*** Opening The input ***

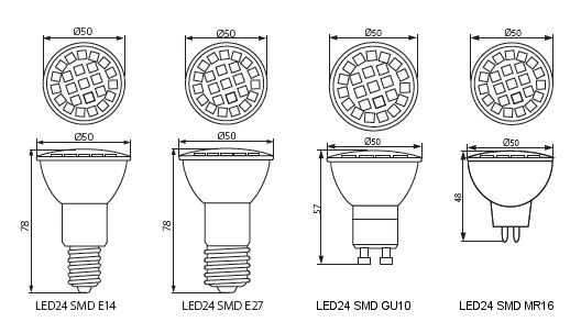 LED lamp LED24 SMD MR16-CW LED Bulbs GU5.3 / MR16
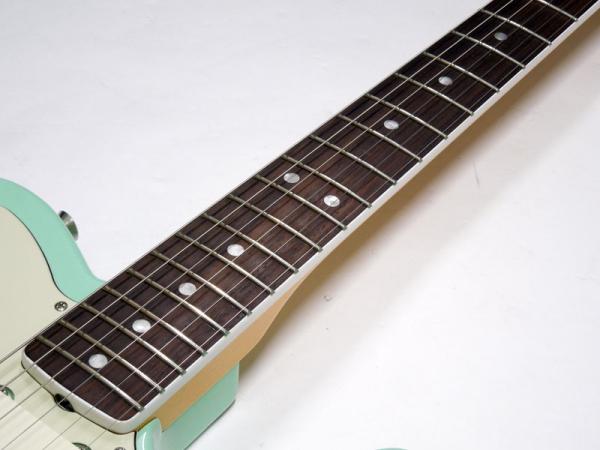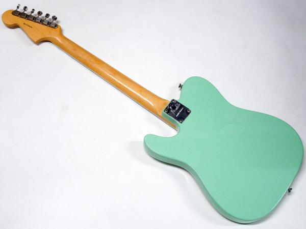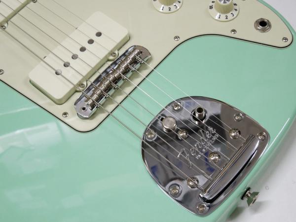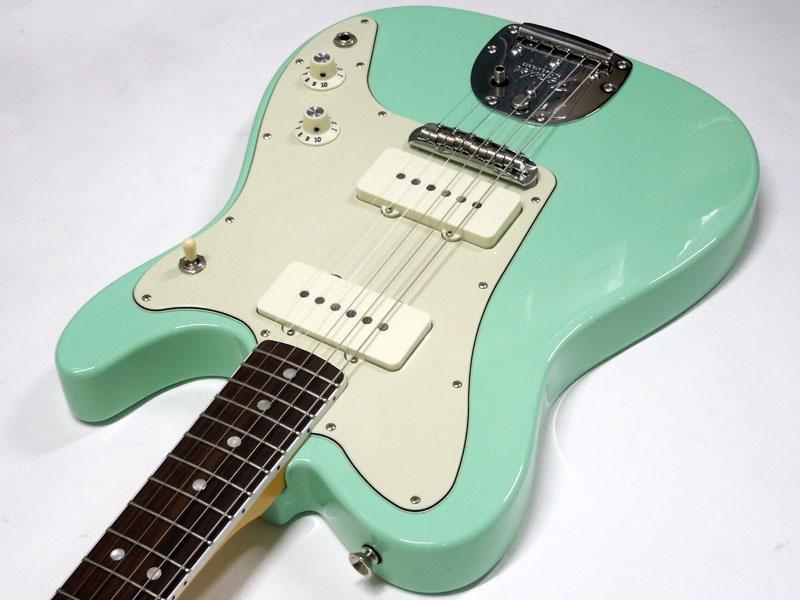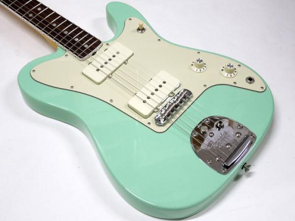 テレキャスターとジャズマスターが融合した存在感のあるルックスに爽やかなサーフグリーンのラッカーフィニッシュで仕上げた個性的な一本。アッシュボディ、ローズウッド指板、Modern "Deep C"のメイプルネックや9.5インチラジアス指板、ナロートールフレットなど現代的な弾きやすい演奏性を持ち、AMERICAN PROFESSIONAL JAZZMASTERのトレモロアームブリッジ、 AMERICAN VINTAGEシリーズのチューニングペグなど、フェンダーUSA製ギターの技術が随所に採用されています。
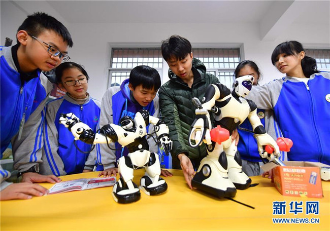12月5日,在廣西融水苗族自治縣民族中學(xué),郭浩坤(右三)在給學(xué)生們上課。郭浩坤是西北工業(yè)大學(xué)的在讀碩士研究生,今年9月來到融水苗族自治縣民族中學(xué),擔(dān)任物理老師。 新華社記者 黃孝邦 攝
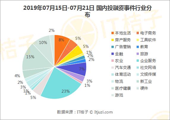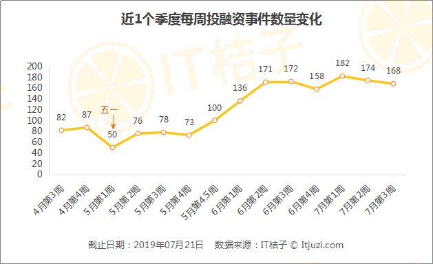 7月第3周,投资市场的活跃度仍然保持着较高的活跃度。上周发生了 168 起投融资并购事件,投资节奏较上上周有所下降,但波动不大。
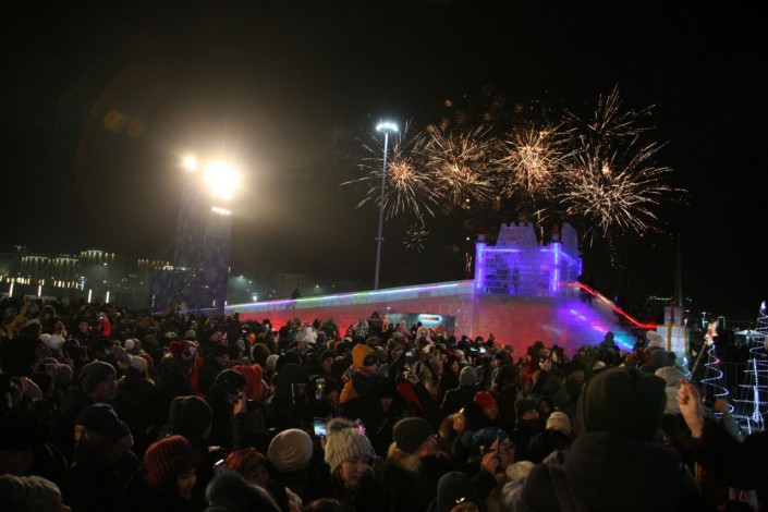 После торжественного зажжения новогодней елки жителям и гостям города подарили праздничный салют.
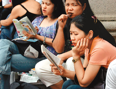 ■現時全港有近30萬外地家傭,每逢周日,她們都愛到中環皇后像廣場聚會。資料圖片
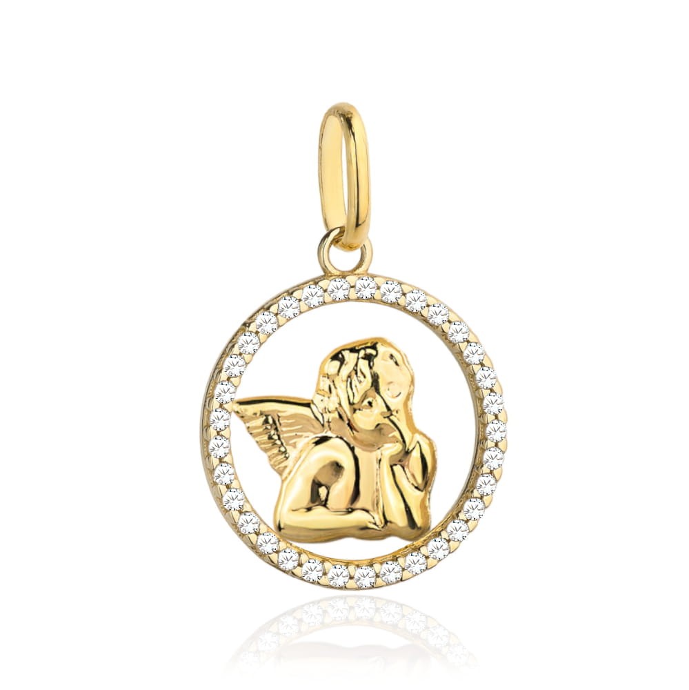 Medalik aniołek w kole wysadzanym cyrkoniami pr. 585
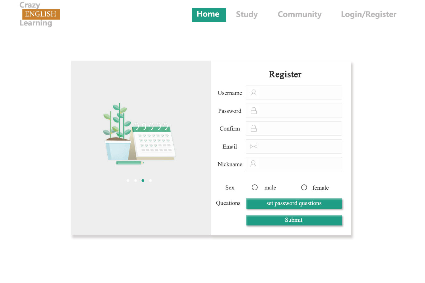 整个项目我们大概分为六大模块层,第一模块是数据操作层,主要是存放数据,数据底层操作;第二模块是业务逻辑模块,主要是提供网站的业务逻辑处理,跟网络通信层和数据操作层紧密结合;第三模块是服务器通信层,主要是提供网络通信,稳定进行网络服务,这一层我们考虑采用nginx作为服务器进行网络通信服务;第四模块是前端模块,主要是进行客户页面的友好显示和提供前端服务逻辑,这一模块我们分为两个版本,一个PC页面响应式版,一个是手机端页面版。第五大模块是爬虫和数据处理模块,主要是进行分布式爬虫爬取网站所需要的数据,爬取的数据将暂放到Mongodb中,同时还要负责对爬取的数据进行数据清洗和数据筛选。第六大模块是数据分析模块,这一模块使用机器学习算法对用户数据进行分析,自动对用户的英语学习作出智能的学习报告,以及进行题目的智能推荐,让用户更好地更有效率地进行针对性学习。

*** Closing The input ***

**What needs to be done**
Rewrite the data above exactly as given, but omit the images.

**Solution**
 LED lamp LED24 SMD MR16-CW LED Bulbs GU5.3 / MR16
 テレキャスターとジャズマスターが融合した存在感のあるルックスに爽やかなサーフグリーンのラッカーフィニッシュで仕上げた個性的な一本。アッシュボディ、ローズウッド指板、Modern "Deep C"のメイプルネックや9.5インチラジアス指板、ナロートールフレットなど現代的な弾きやすい演奏性を持ち、AMERICAN PROFESSIONAL JAZZMASTERのトレモロアームブリッジ、 AMERICAN VINTAGEシリーズのチューニングペグなど、フェンダーUSA製ギターの技術が随所に採用されています。
12月5日,在廣西融水苗族自治縣民族中學(xué),郭浩坤(右三)在給學(xué)生們上課。郭浩坤是西北工業(yè)大學(xué)的在讀碩士研究生,今年9月來到融水苗族自治縣民族中學(xué),擔(dān)任物理老師。 新華社記者 黃孝邦 攝
 7月第3周,投资市场的活跃度仍然保持着较高的活跃度。上周发生了 168 起投融资并购事件,投资节奏较上上周有所下降,但波动不大。
 После торжественного зажжения новогодней елки жителям и гостям города подарили праздничный салют.
 ■現時全港有近30萬外地家傭,每逢周日,她們都愛到中環皇后像廣場聚會。資料圖片
 Medalik aniołek w kole wysadzanym cyrkoniami pr. 585
 整个项目我们大概分为六大模块层,第一模块是数据操作层,主要是存放数据,数据底层操作;第二模块是业务逻辑模块,主要是提供网站的业务逻辑处理,跟网络通信层和数据操作层紧密结合;第三模块是服务器通信层,主要是提供网络通信,稳定进行网络服务,这一层我们考虑采用nginx作为服务器进行网络通信服务;第四模块是前端模块,主要是进行客户页面的友好显示和提供前端服务逻辑,这一模块我们分为两个版本,一个PC页面响应式版,一个是手机端页面版。第五大模块是爬虫和数据处理模块,主要是进行分布式爬虫爬取网站所需要的数据,爬取的数据将暂放到Mongodb中,同时还要负责对爬取的数据进行数据清洗和数据筛选。第六大模块是数据分析模块,这一模块使用机器学习算法对用户数据进行分析,自动对用户的英语学习作出智能的学习报告,以及进行题目的智能推荐,让用户更好地更有效率地进行针对性学习。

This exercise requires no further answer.